Posted Jul 4, 2012 6:13 UTC (Wed) by butlerm (subscriber, #13312) [Link]

>POSIX decided to enshrine the convention that when time() % 60 == 0, then now is the top of a minute.

That is a perfectly adequate (if not ideal) convention for use in generating representations of civil time. Month, day, year and so on. The problem comes where programs (and kernels) are designed around the preposterous presumption that POSIX time has any reliable relationship to real time.

That might work reasonably well when your timeouts are measured in a cardinal number of seconds greater than two, but experience clearly demonstrates that using POSIX time (or UTC) for anything requiring sub-second accuracy is foolish in the extreme. It amounts to designing a system to fail with a high probability every three or four years.

The leap second bug

Posted Jul 2, 2012 20:42 UTC (Mon) by man_ls (guest, #15091) [Link] (1 responses)

What? When? Why? Whatever?

I think that my two home systems could have been affected: my desktop (i3, two cores) started consuming a whole core whenever I started Firefox or Chrome, for whatever reason. When I shut down both then it went to normal. And again when I started any of them, CPU spikes.

My SheevaPlug just stopped responding to certain commands, df -h worked while free yielded an I/O error after a while. Not a common occurrence; I had to restart it and it went fine.

Does this bug solve both mysteries (happening at about the right time IIRC), or am I retconning the solution?

The leap second bug

Posted Jul 4, 2012 21:20 UTC (Wed) by idupree (guest, #71169) [Link]

I doubt you're retconning. The morning before the leap second I warned my family "there's a leap second coming - our systems might do weird things!" Later that day my sibling's Chromium and Git Gui started eating the CPU, and later my own Firefox did (and a few other programs too). It rarely happens for either of us that multiple programs randomly eat the CPU!

The leap second bug

Posted Jul 2, 2012 23:21 UTC (Mon) by adamgundy (subscriber, #5418) [Link] (1 responses)

just a warning: I've seen some very odd behavior with 'clearing' the bug by setting the date, then stopping/starting ntpd. it seems to throw the time forward an hour plus some minutes. waiting a minute or two before starting ntpd seems to be OK..

The leap second bug

Posted Jul 2, 2012 23:27 UTC (Mon) by adamgundy (subscriber, #5418) [Link]

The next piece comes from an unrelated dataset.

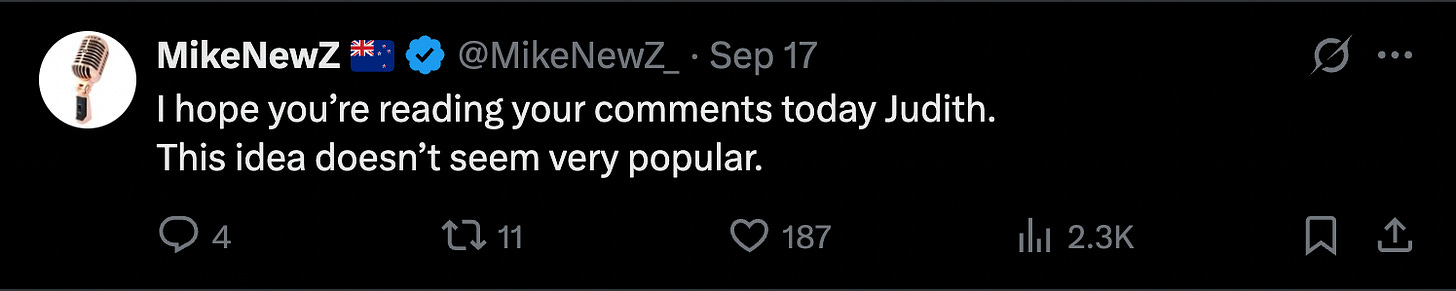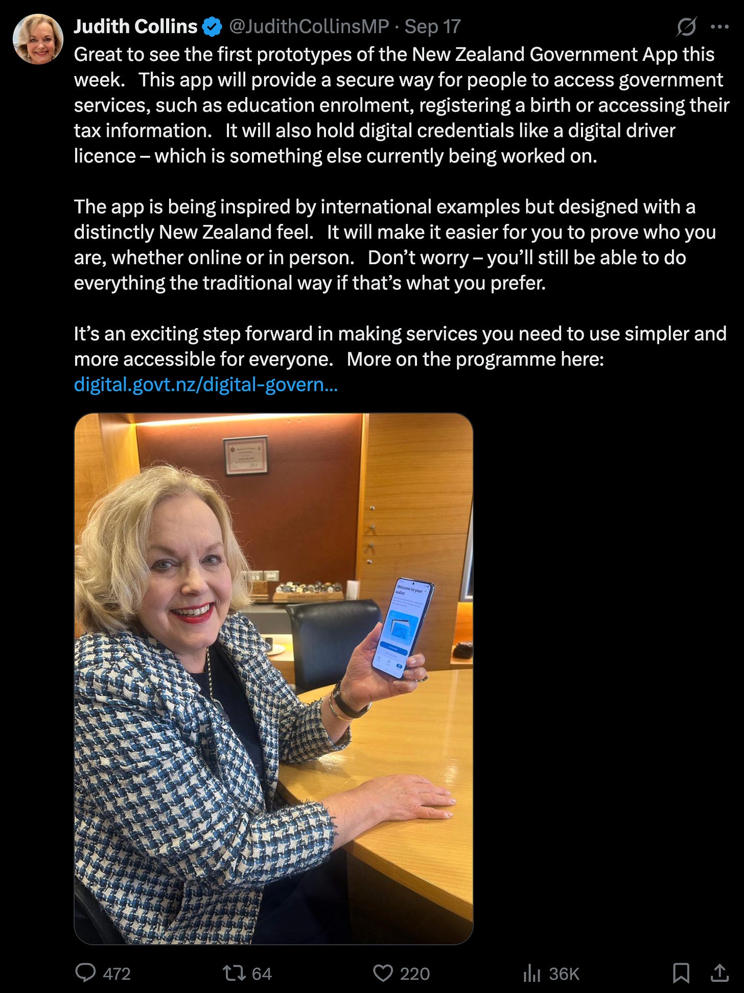 Judith Collins quickly got ratioed on X after announcing an update on Digital ID, demonstrating the first prototype of the New Zealand Government App.

sigh. spoke too soon. at some point after the initial date reset, possibly in combination with ntpd (and maybe not..) the time appears to jump forward to the next nearest hour. this may cause havoc, depending on your software. ntpdate will fix it, but you have to wait for it to happen (5-10 minutes?), then use ntpdate to correct the problem.

The leap second bug

Posted Jul 2, 2012 23:41 UTC (Mon) by camh (guest, #289) [Link]

If date -s "`date`" does not work for you (invalid date), you may need to run date -s "`LC_ALL=C date`" instead. At least I had to for my locale (en_AU.UTF-8)

The leap second bug

Posted Jul 3, 2012 1:57 UTC (Tue) by kevinm (guest, #69913) [Link] (1 responses)

It can cause more than just load spikes - I had a Debian Lenny machine freeze solid at precisely midnight UTC.

The leap second bug

Posted Jul 3, 2012 4:38 UTC (Tue) by adisaacs (subscriber, #53996) [Link]

That's a different bug, 6b43ae8a619d (ntp: Fix leap-second hrtimer livelock).

The leap second bug

Posted Jul 3, 2012 13:55 UTC (Tue) by welinder (guest, #4699) [Link]

We need to source a rather large number of brown paper bags.

Seriously, we _knew_ something unusual time-wise was coming up.
We didn't test what would happen. As a community -- developers
and technical users -- that's an embarrassment! Brown bags for
everyone.

It's like sales tax being considered an unexpected expense.